Architectures for enhanced exciton collection in organic photovoltaic cells

Organic semiconductors have received considerable attention for application in a variety of optoelectronic systems including light-emitting devices, lasers, and photovoltaic cells. Due to their compatibility with lightweight flexible substrates and high throughput processing techniques, organic photovoltaic cells (OPVs) represent an intriguing renewable energy option. In these materials, photogenerated excitons must be dissociated in order to generate a photocurrent. Exciton dissociation is typically realized using a donor-acceptor (D-A) heterojunction, where the energy level offset exceeds the exciton binding energy.

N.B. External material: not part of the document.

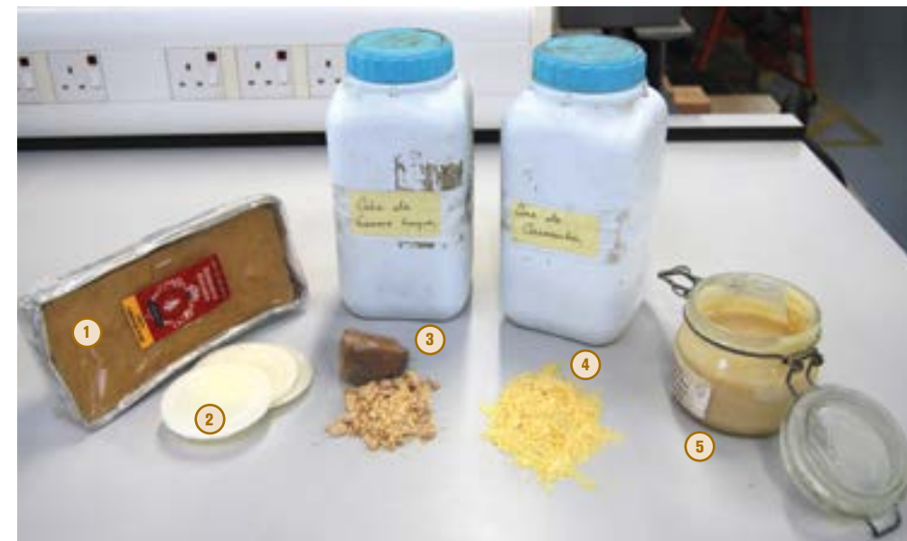
A block of brown beeswax (1); biscuits of high quality white beeswax (2); shellac wax (3); carnauba wax (4); the mix is stored in an airtight container (5)

200g beeswax 100g shellac wax 200g white spirit 100g turpentine

Mobile excitons diffuse to the D-A heterojunction and are dissociated into their component charge carriers. In most organic materials, the exciton diffusion length is much shorter than the optical absorption length. Consequently, not all of the photogenerated excitons reach the D-A interface, limiting cell efficiency. For small molecule active materials, routes around this bottleneck have centered on the use of mixed D-A film morphologies to increase the area of the dissociating interface. This work instead focuses on the use of OPVs with continuously graded film composition and morphology as a means to simultaneously optimize the exciton diffusion and charge collection efficiencies. In these graded heterojunction OPVs, the power conversion efficiency is noted to exceed that of comparable devices containing a planar or mixed heterojunction. Overall, this approach provides the ability to tune the exciton diffusion and charge collection efficiencies based on the composition profile, permitting greater control over device performance.